_WHAT THIS TASK INVOLVES:_
Each line from the one containing "Goldfarbene Tontaubennachbildung aus" to the last line of the listing below is to be duplicated exactly, and no picture is to be carried over.

━━ GIVEN RECORDS

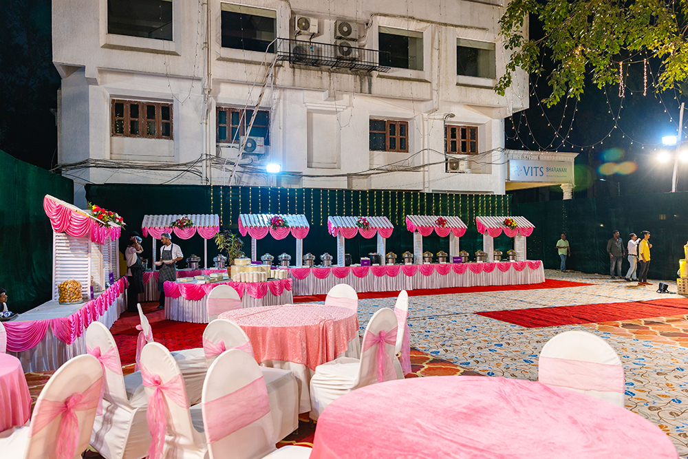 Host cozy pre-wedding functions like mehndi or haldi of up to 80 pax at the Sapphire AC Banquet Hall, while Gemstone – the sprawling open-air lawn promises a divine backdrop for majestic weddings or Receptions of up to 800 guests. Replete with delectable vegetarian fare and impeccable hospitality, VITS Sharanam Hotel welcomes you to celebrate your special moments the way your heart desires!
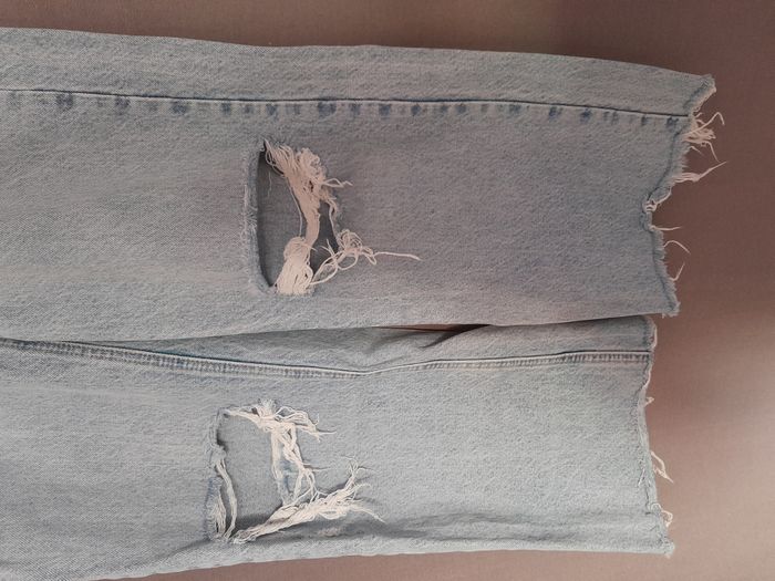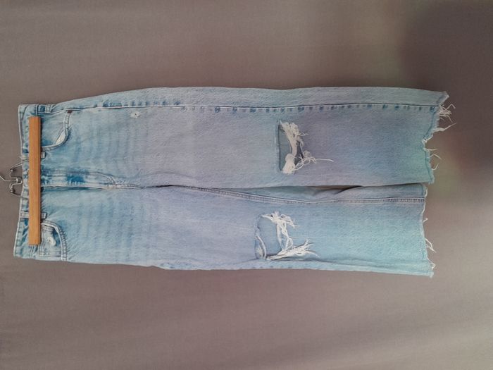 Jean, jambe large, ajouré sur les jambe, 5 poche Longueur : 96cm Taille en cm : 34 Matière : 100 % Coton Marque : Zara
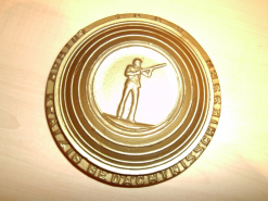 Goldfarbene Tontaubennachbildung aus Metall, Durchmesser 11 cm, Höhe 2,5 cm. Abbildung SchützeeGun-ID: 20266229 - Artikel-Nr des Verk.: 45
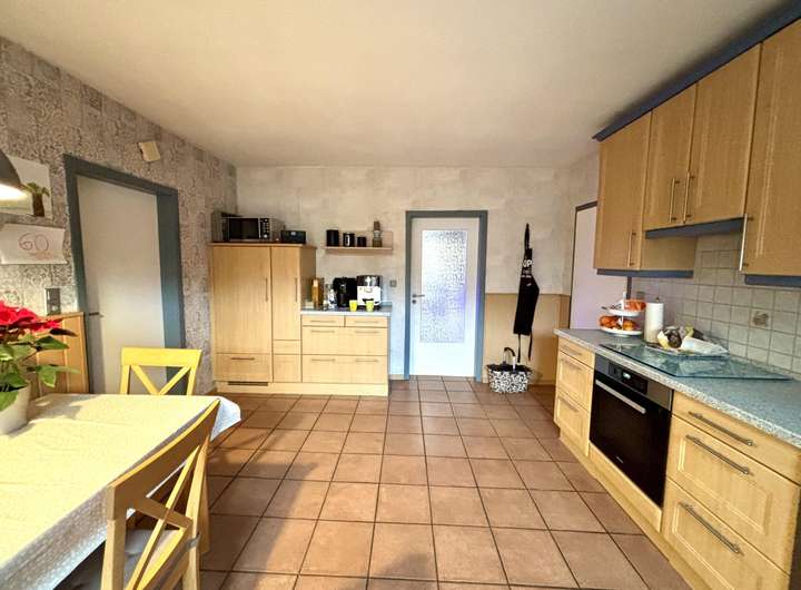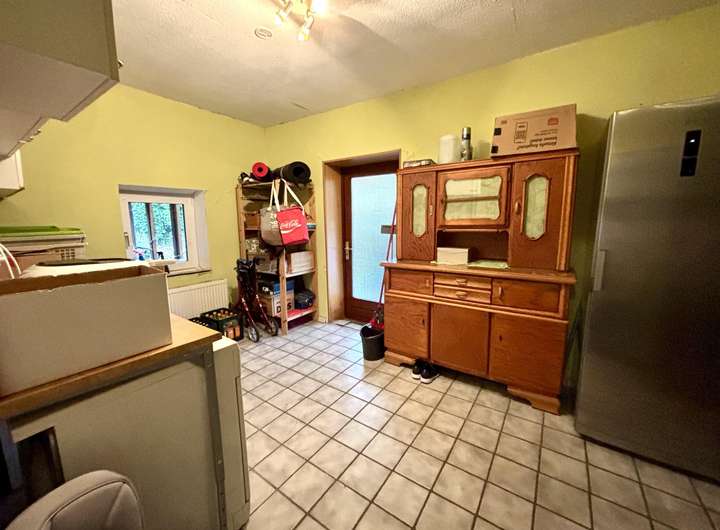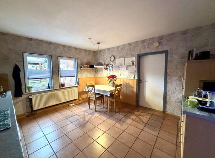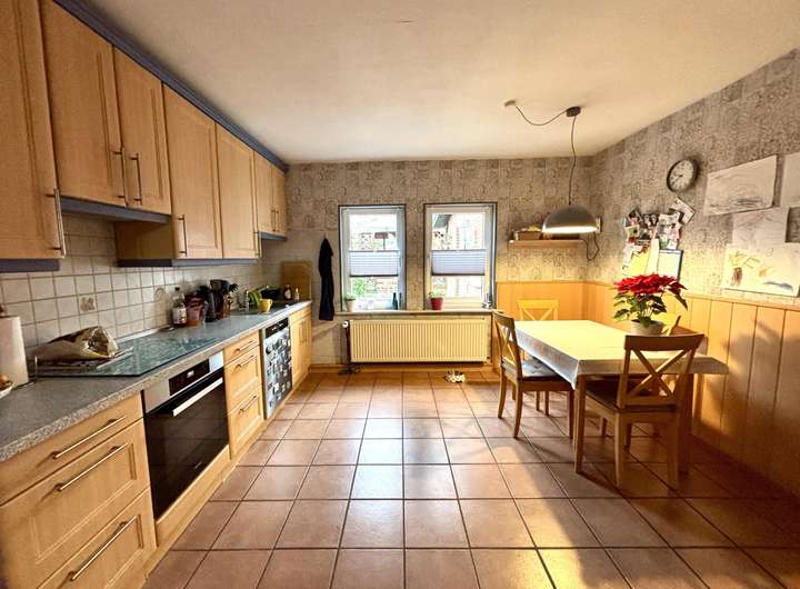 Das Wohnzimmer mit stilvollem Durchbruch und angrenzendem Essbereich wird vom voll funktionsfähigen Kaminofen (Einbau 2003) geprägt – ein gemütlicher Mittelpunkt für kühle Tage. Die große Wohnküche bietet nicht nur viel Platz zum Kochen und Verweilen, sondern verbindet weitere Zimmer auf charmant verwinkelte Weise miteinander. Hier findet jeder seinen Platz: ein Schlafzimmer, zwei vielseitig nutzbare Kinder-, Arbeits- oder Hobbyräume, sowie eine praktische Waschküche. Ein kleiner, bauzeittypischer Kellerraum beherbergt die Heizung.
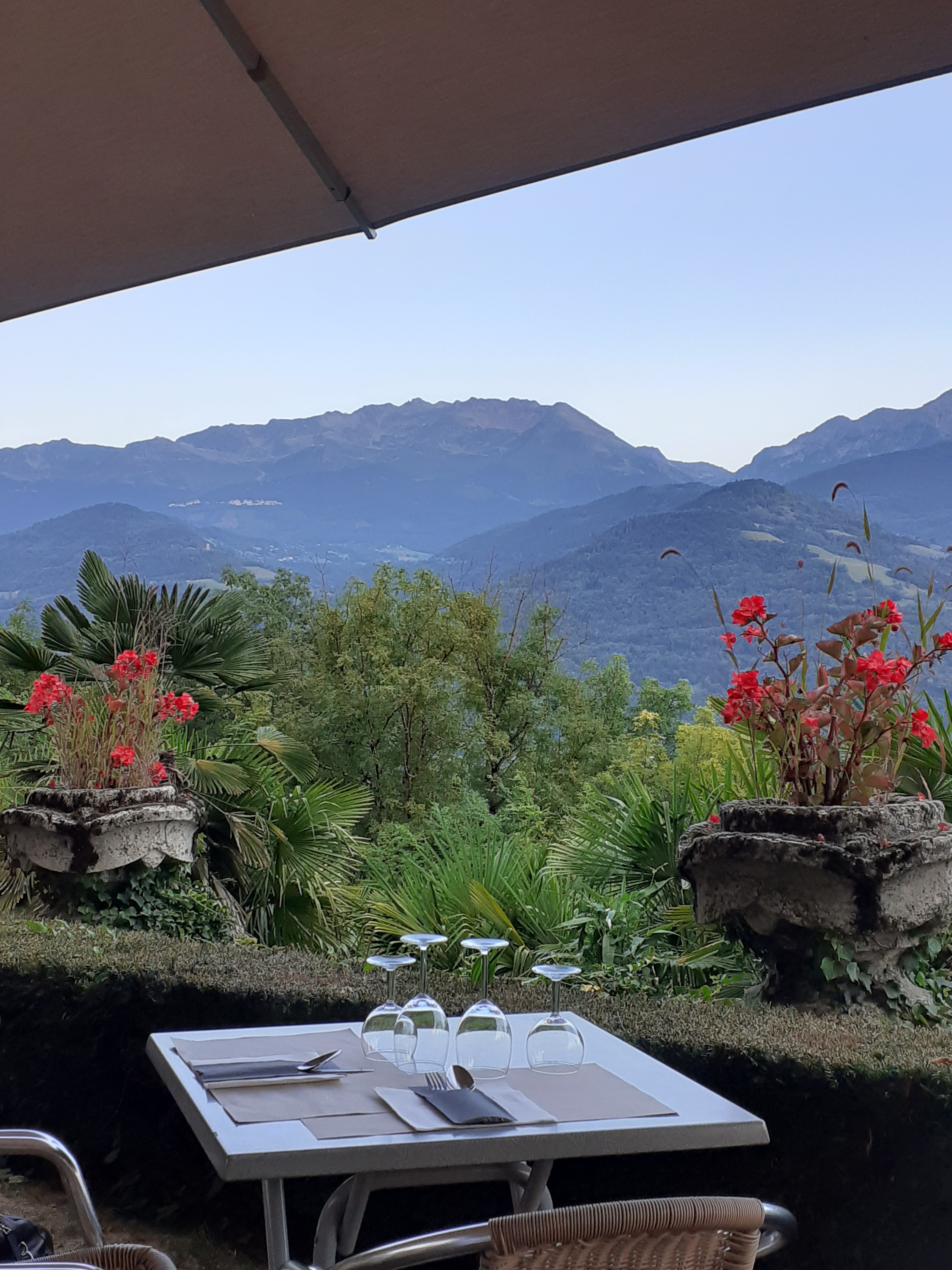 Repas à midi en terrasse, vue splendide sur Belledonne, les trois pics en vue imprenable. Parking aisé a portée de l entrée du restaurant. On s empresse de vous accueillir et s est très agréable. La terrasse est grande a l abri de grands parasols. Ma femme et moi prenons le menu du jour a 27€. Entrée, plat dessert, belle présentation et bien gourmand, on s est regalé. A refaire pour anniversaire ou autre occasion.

━━━━

_RESPONSE BOX:_
 Goldfarbene Tontaubennachbildung aus Metall, Durchmesser 11 cm, Höhe 2,5 cm. Abbildung SchützeeGun-ID: 20266229 - Artikel-Nr des Verk.: 45
 Das Wohnzimmer mit stilvollem Durchbruch und angrenzendem Essbereich wird vom voll funktionsfähigen Kaminofen (Einbau 2003) geprägt – ein gemütlicher Mittelpunkt für kühle Tage. Die große Wohnküche bietet nicht nur viel Platz zum Kochen und Verweilen, sondern verbindet weitere Zimmer auf charmant verwinkelte Weise miteinander. Hier findet jeder seinen Platz: ein Schlafzimmer, zwei vielseitig nutzbare Kinder-, Arbeits- oder Hobbyräume, sowie eine praktische Waschküche. Ein kleiner, bauzeittypischer Kellerraum beherbergt die Heizung.
 Repas à midi en terrasse, vue splendide sur Belledonne, les trois pics en vue imprenable. Parking aisé a portée de l entrée du restaurant. On s empresse de vous accueillir et s est très agréable. La terrasse est grande a l abri de grands parasols. Ma femme et moi prenons le menu du jour a 27€. Entrée, plat dessert, belle présentation et bien gourmand, on s est regalé. A refaire pour anniversaire ou autre occasion.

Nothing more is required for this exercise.